Jasper turned away, clenching his hands and looking up to the sky. There was nothing to say to that. Knox was right, and he knew it. Jasper had betrayed them all. This was the guilt that had wormed at him. It was all well and good to know that they had been outmatched; how many times had he gripped his tankard while the men in the taverns had crowed about how little the Confederate army had, how they had marched barefoot? They had used it as an example of the North’s innate superiority, and Jasper must bite his tongue to keep from defending his comrades.
He should not care about them. That was what the others in the town thought, as if it were possible for Jasper to cut his heart out and sever all ties when he came north.
I left the army,
he wanted to cry.
I don’t believe in their cause any longer—but can’t you see that I still believe in them? That I still left them?
There was always going to be the wondering: what if he had stayed? Would one more man have turned the tide of the battle? Would two? It didn’t matter how much his mind understood that he and Solomon would have done nothing. His heart would never believe it.
“Just kill me now,” Jasper whispered. “I can’t live like this. Waiting. You could bring Cl...Cecelia back now.”
“Oh, no, Perry.” Robert’s voice had gone cold. “You’re going to live for a little while longer yet. You’ll remember what it is you did.”
I know what it is I did,
Jasper wanted to cry. He just did not know where he fit any longer.
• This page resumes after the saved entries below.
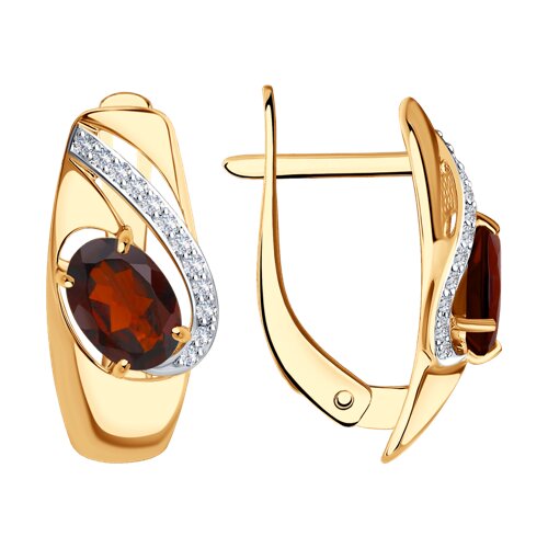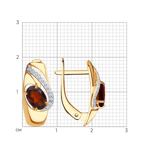 Серьги, гранат, фианит
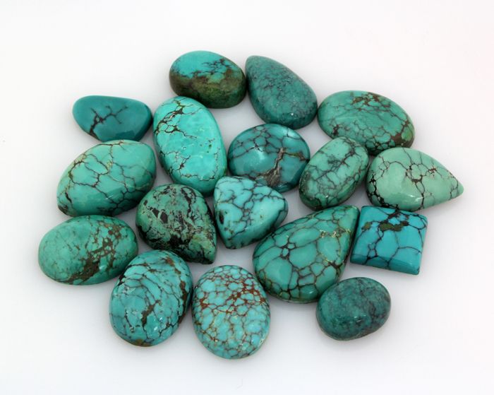 Turquoise 205.00ctw MixShape&Sizes LooseGemstone **|**|** 17 pcs Charming Genuine Turquoise Cabochons Loose Gemstone in Various Sizes and Shape ; MSRP: $700
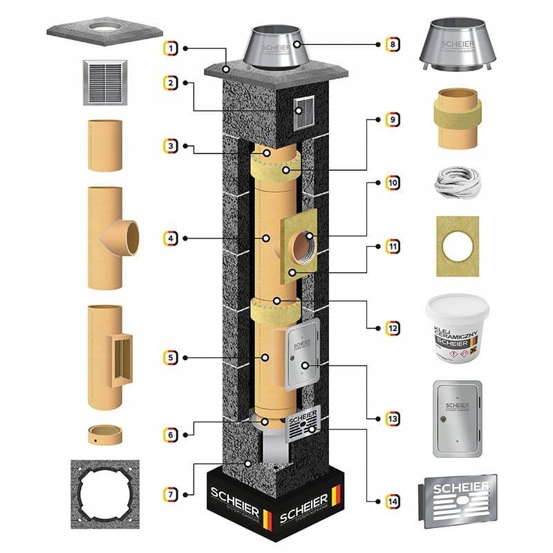 Komin SCHEIER STANDARD K 14m – Kompletny system kominowy, ceramiczny, nieizolowany w obudowie z pustaków keramzytowo-betonowych, jednociągowy bez kanałów wentylacyjnych.
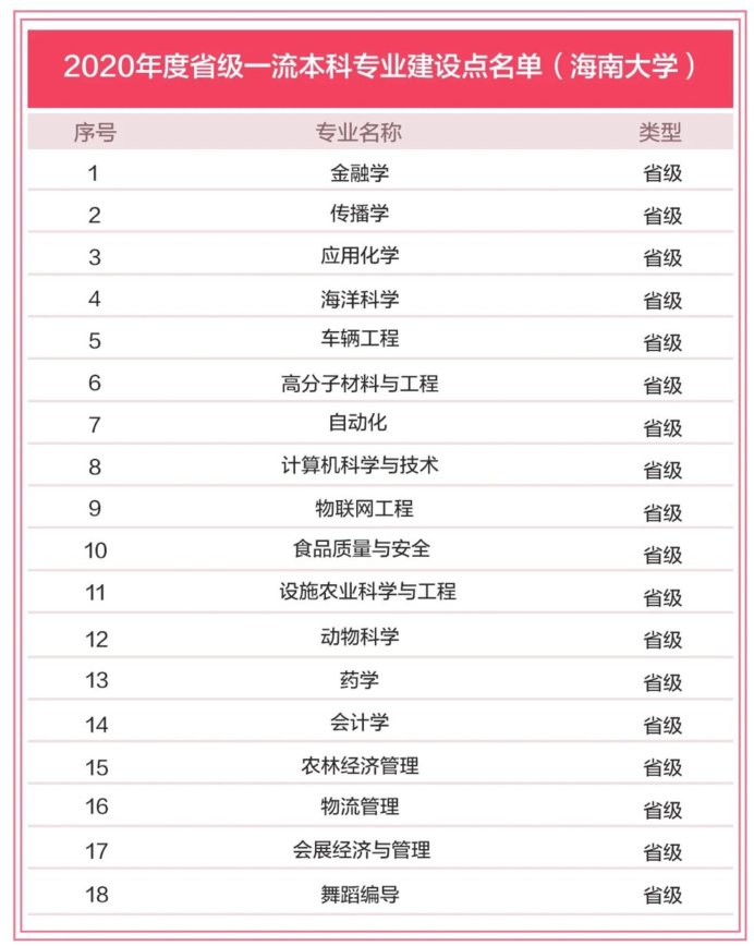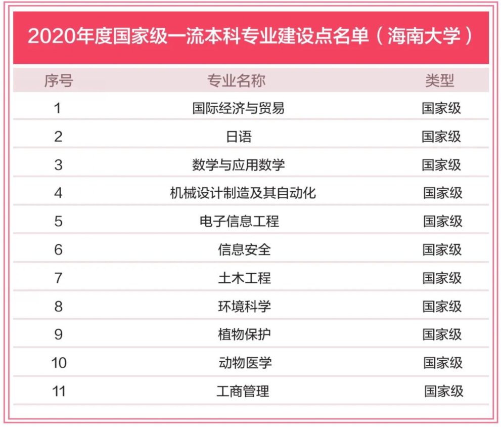 商报全媒体讯(椰网/海拔手机端记者 魏铭纬 通讯员 耿刚)国际旅游岛商报记者3月3日从海南大学获悉,根据《教育部办公厅关于公布2020年度国家级和省级一流本科专业建设点名单的通知》,该校11个专业入选国家级一流本科专业建设点,18个专业入选省级一流本科专业建设点。

He did not know if he belonged in the north or the south, or neither.
“Y
ou’re the one who’s been tailing me,” Solomon said. He could not answer the man’s accusation; there was no answer, and they both knew it.
“Of course.”
There was a certain jaunty quality to the man’s victory, Solomon thought. He was somewhat shorter than Solomon—not unusual, with Solomon’s tall frame. Lean and pale, the man’s face had a delicate quality that somehow did not convey weakness. He still held the pistol out, seemingly with little regard to the weight of it, and he kept his hazel eyes trained on Solomon’s face.
“What brought you to Knox Township?” Solomon asked, leaning back against a tree and trying for a hint of a smile. There was little else he could do with the pistol trained on him.
“You. Of course, I
was
looking for Horace...”
Solomon’s face flickered, and the man smirked. He had a rare stillness, this man, not easily moved to laughter or scowls. His satisfaction, however, was plain.
“I see.”
A single eyebrow raised.
“That’s it?”
“What would you like me to say?”
Surprise flickered over the man’s face. “Well, an admission of guilt is of course preferable, but protestations of innocence are more common.”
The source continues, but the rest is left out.